Facts: Teresita Quintos-Deles was appointed by the former President Corazon Aquino as sectoral
representative for women along with Al Ignatius G. Lopez for youth Bartolome Arteche for peasant and Rey
Magno Teves for urban poor. They were appointed when the Congress was in session. Afterwards, their
appointment to take an oath was scheduled but the Commission on Appointment (COA) filed a case against
Deles et al saying that for their appointment to be valid it should first be confirmed by COA.

Issue:

Whether the Constitution requires the appointment of Sectoral representatives to the House of
Representatives to be confirmed by the Commission on Appointments?Resolution:

Yes, there are four groups that the President can appoint.
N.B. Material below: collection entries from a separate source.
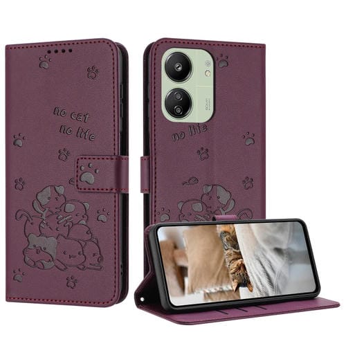 Funda de Piel con Diseño de Gatito En Relieve y Cordón para Xiaomi Poco C65/Poco M6 5G (Rojo Vino)
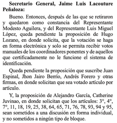 [107] Ibidem. Algunas de esas proposiciones fueron presentadas por Alfredo Mondragón, Juan Espinal, Juan Daniel Peñuela, Jhon Jairo Berrio Hernán Cadavid, Yulieth Sánchez, Betsy Pérez, Miguel Polo Polo y José Jaime Uscátegui, entre otros.
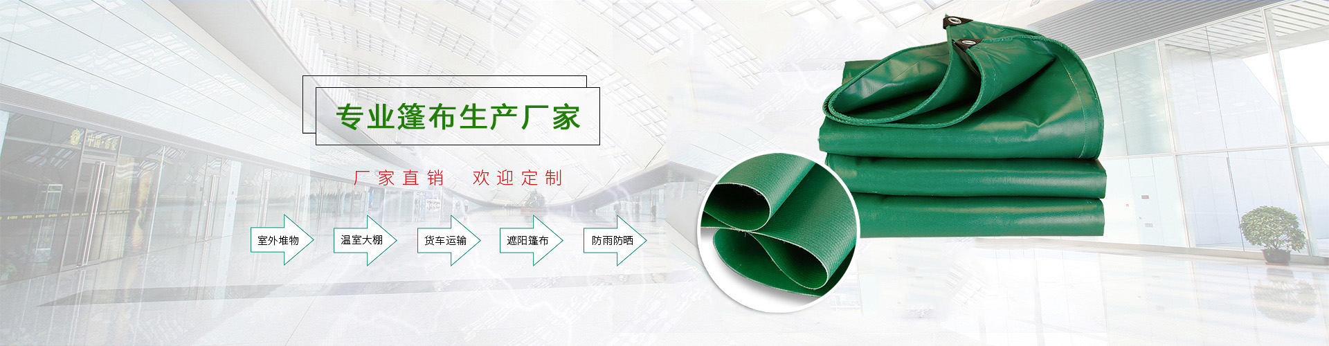 以科技投入為先導,以良好的篷布生 產(chǎn)設(shè)備,過硬的質(zhì)量為保障。
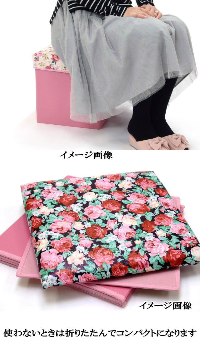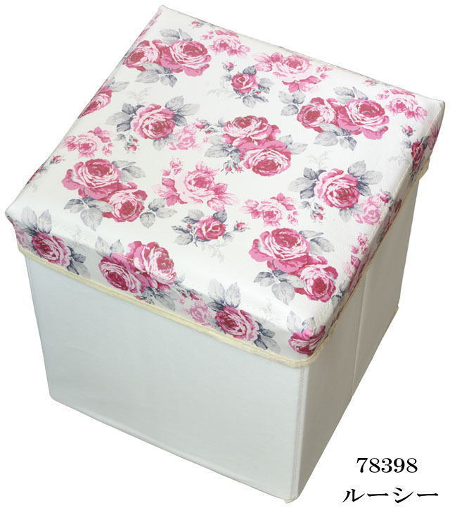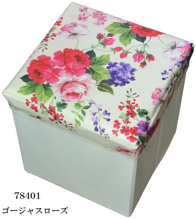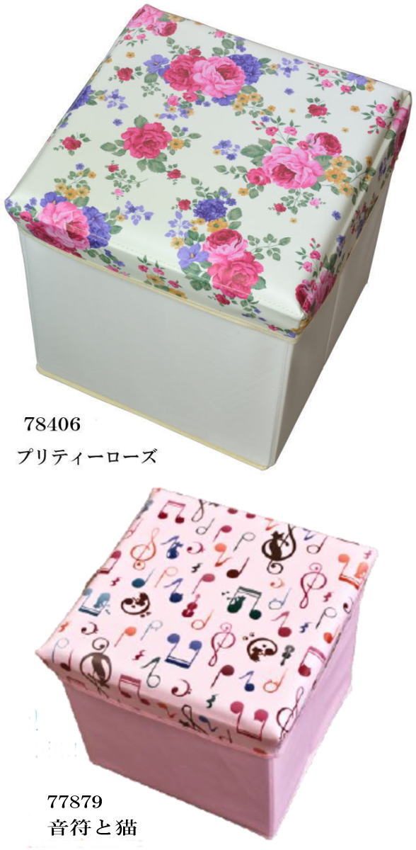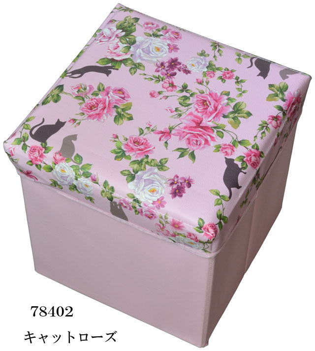 素敵なバラ柄とネコ柄の収納スツール 【正方形タイプ】 です。

These are:

First, the heads of the executive departments, ambassadors, other public ministers and consuls officers of the
armed forces from the rank of colonel or naval captain, and other officers whose appointments are vested in
him in this Constitution;

Second, all other officers of the Government whose appointments are not otherwise provided for by law;

Third, those whom the President may be authorized by law to appoint;

Fourth, officers lower in rank whose appointments the Congress may by law vest in the President alone.
According to the ruling of the case, the first group of officers is clearly appointed with the consent of the
Commission on Appointments. Appointments of such officers are initiated by nomination and, if the nomination
is confirmed by the Commission on Appointments, the President appoints.

Teresita Deles et al are included in the first group.